Event: “Tongues” by Jason Wee and Sean Tobin
Festival: M1 Singapore Fringe Festival’12 : Art & Faith
Venue: Gallery Theatre, National Museum of Singapore
Run: 16-19 February 2012
Cast: Nora Samosir, Serena Ho, Walter Hanna, Faizal Abdullah

M1 Fringe Fest ended last weekend and with much delay, here’s a short write-up of another play I caught. I wasn’t quite sure what I should make of it.
It had an unconventional structure in its presentation, which in my personal opinion, might not have been the best way.

The gist of it:
As the morgue temperature rises, 4 corpses awake in the midst of waiting for their identification and autopsy. As the temperature falls again (this happens a few times), they are thrown into dream-like scenarios and each different as the scene jumps.

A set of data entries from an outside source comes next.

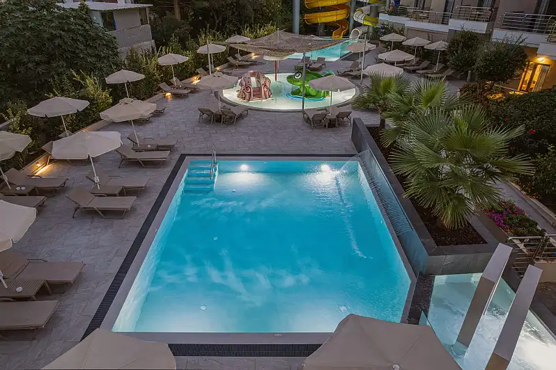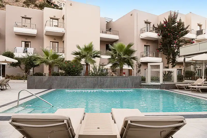 «Porto Platanias Village Resort» has one of the biggest pools in its class – a huge 850 sq. m pool, with a 10 sq. m safe children’s pool in its side. Sun beds and parasols by the pool are free for all the hotel’s guests.
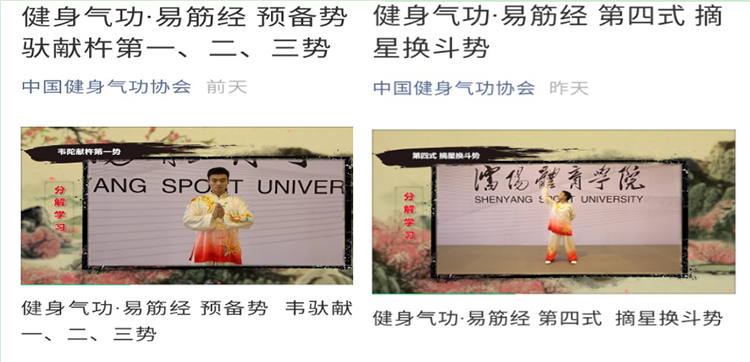 “中国健身气功协会微信公众号平台”由国家体育总局健身气功管理中心主办,面向社会开放。该课程视频自2020年1月8日推出以来,得到健身气功工作者和练习者广泛关注和肯定,更加有力地推动了我校面向公众、服务社会作用的发挥。
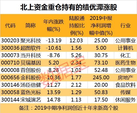 北上资金重仓持有9只滞涨股,竟有一股已被持仓12%
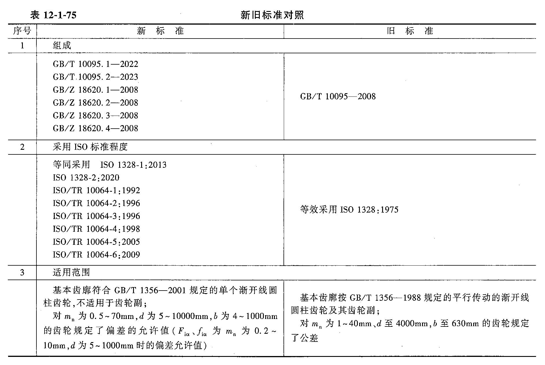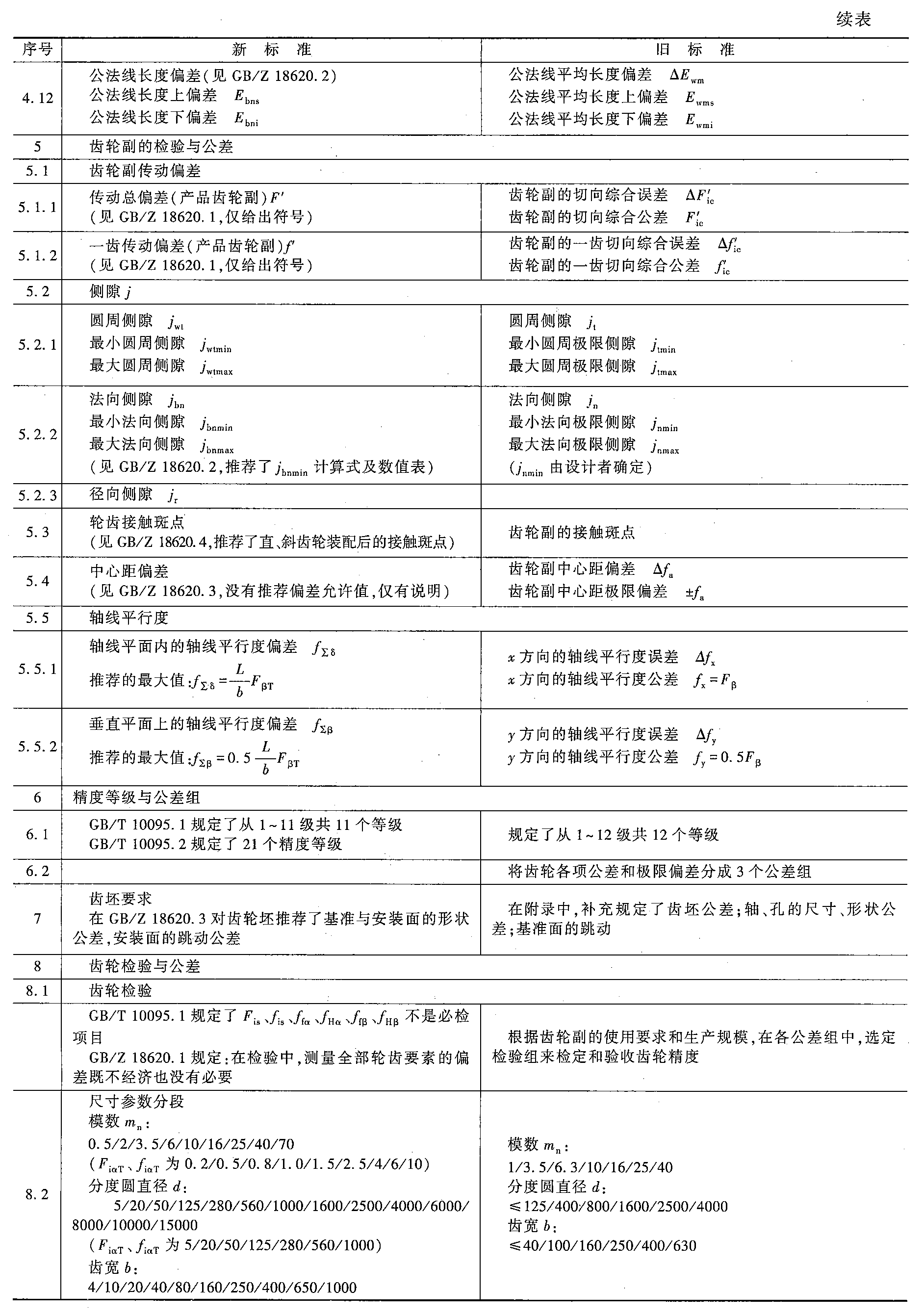 新旧标准对照
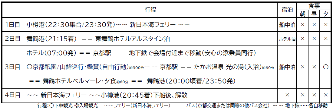 新日本海フェリー往復乗船代・ホテル宿泊代(1泊)・食事代(夕1回)・バス代(2・3日目)・京都市営地下鉄(片道)・たかお温泉光の湯入浴代・消費税等諸税
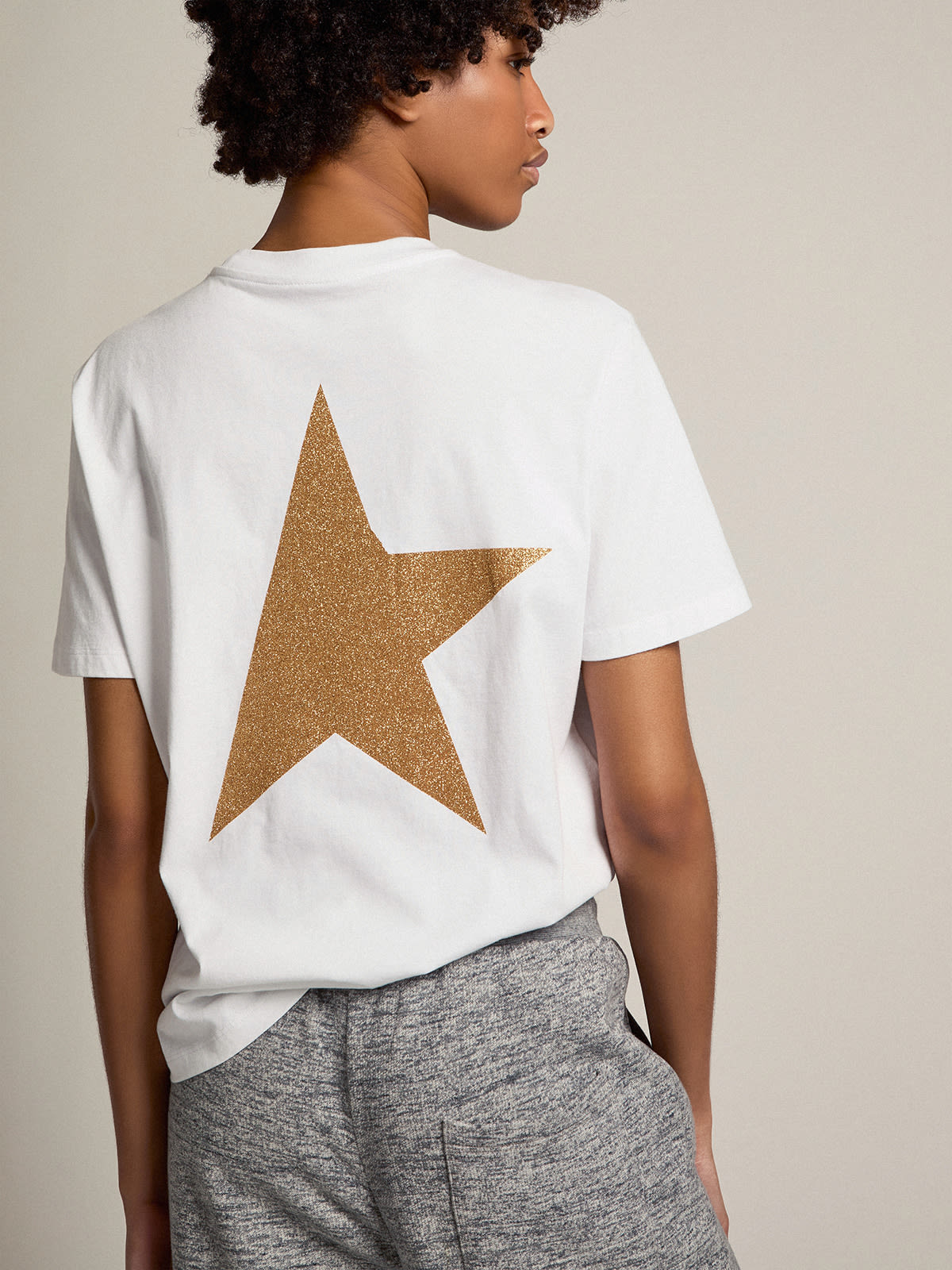 T shirt golden clearance goose, White Star Collection T shirt with logo and star in gold glitter clearance
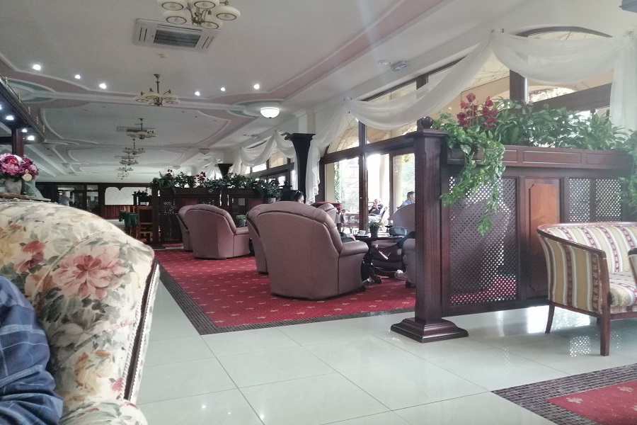 Prostredie kaviarne je také veľmi elegantné. Veď sme v hotely. Samozrejme. Logické. Ale aby som to trošku aj opísala. Nachádzajú sa tam štýlovo staršie sedačky, ktoré sú veľmi pohodlné a pôsobia veľmi elegantne, romanticky. Mne sa to aj páči. Všetci čašníci sú veľmi milí a snažia sa zanechať dobrý dojem. Tak by to malo byť.
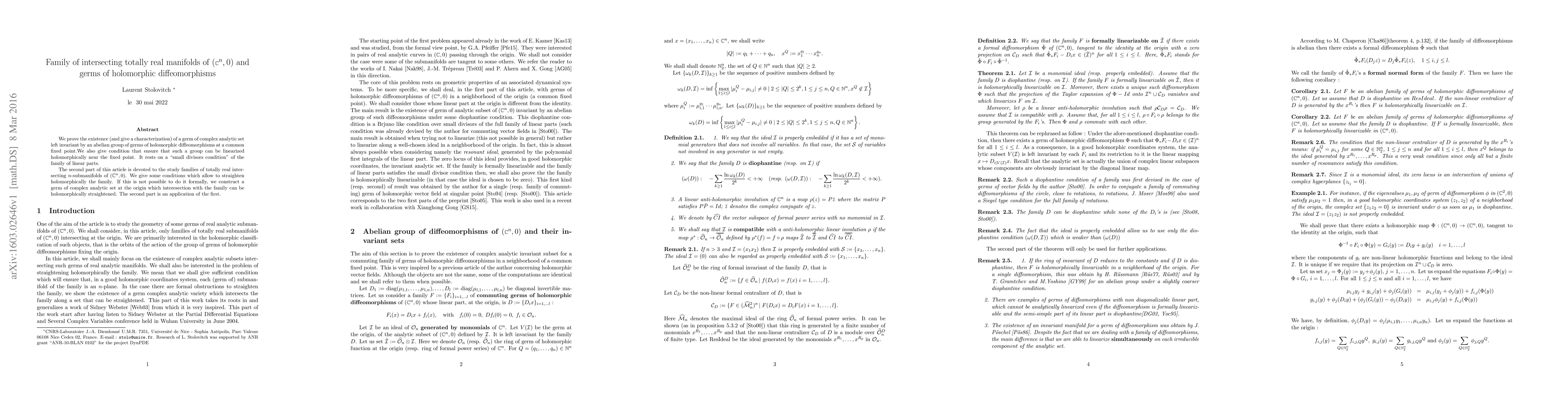 This paper proves the existence of a complex analytic set invariant under an abelian group of holomorphic diffeomorphisms at a fixed point, characterized by a "small divisors condition." It also explores families of intersecting totally real manifolds in $(C^n,0)$, providing conditions for their holomorphic straightening or constructing a complex analytic set for formal non-straightening cases.
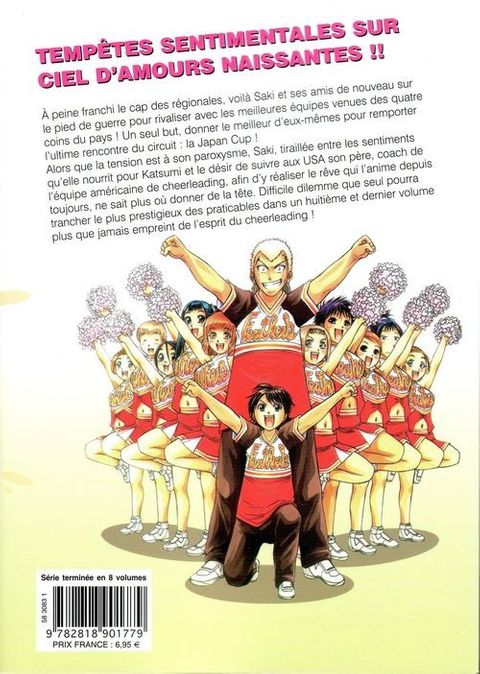 La passion du cheerleading enflamme les coeurs et les corps ! Étincelles garanties ! À peine franchi le cap des régionales, voilà Saki et ses amis de nouveau sur le pied de guerre pour rivaliser avec les meilleures équipes venues des quatre coins du pays ! Un seul but, donner le meilleur d'eux-mêmes pour remporter l'ultime rencontre du circuit : la Japan Cup ! Alors que la tension est à son paroxysme, Saki, tiraillée entre les sentiments qu'elle nourrit pour Katsumi et le désir de suivre son père, coach de l'équipe américaine de cheerleading, aux USA afin d'y réaliser le rêve qui l'anime depuis toujours, ne sait plus où donner de la tête. Difficile dilemme que seul pourra trancher le plus prestigieux des praticables dans un huitième et dernier volume plus que jamais empreint de l'esprit du cheerleading !
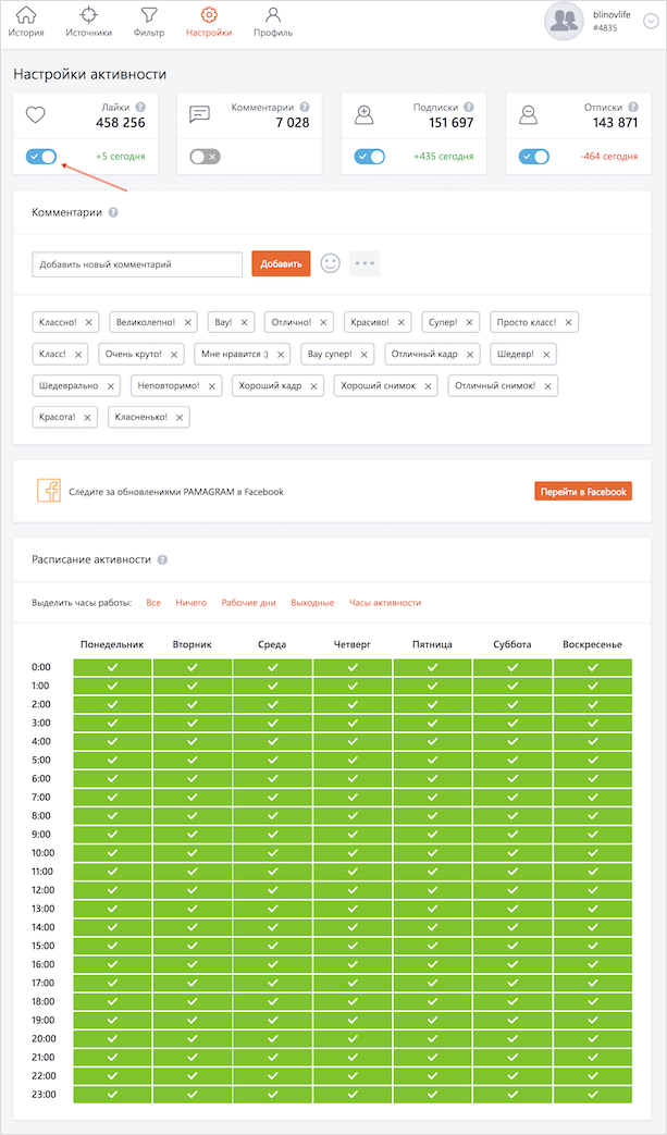Также здесь настраивается расписание активности. Оно нужно, чтобы указать определенные часы, в которые будут совершаться действия. Это необходимо, если вы хотите, чтобы сервис совершал максимум действий в определенное время.

Starting off in a casual manner to “get the audience involved”, it was on the outset that it was probably meant to be that way, having the actors stroll into the theatre, and even “cuts” called by the director in the ongoing play. However, I found this too disruptive to the play, almost like it was a rehearsal, causing a jarring effect to the flow. I felt it would have been more impactful without those interruptions. Also, due to the many abrupt shifts in characters, it was a bit difficult to find the story behind each one, as it seems only snapshots were taken. Maybe it’s meant to be this way, that dream-like scenario.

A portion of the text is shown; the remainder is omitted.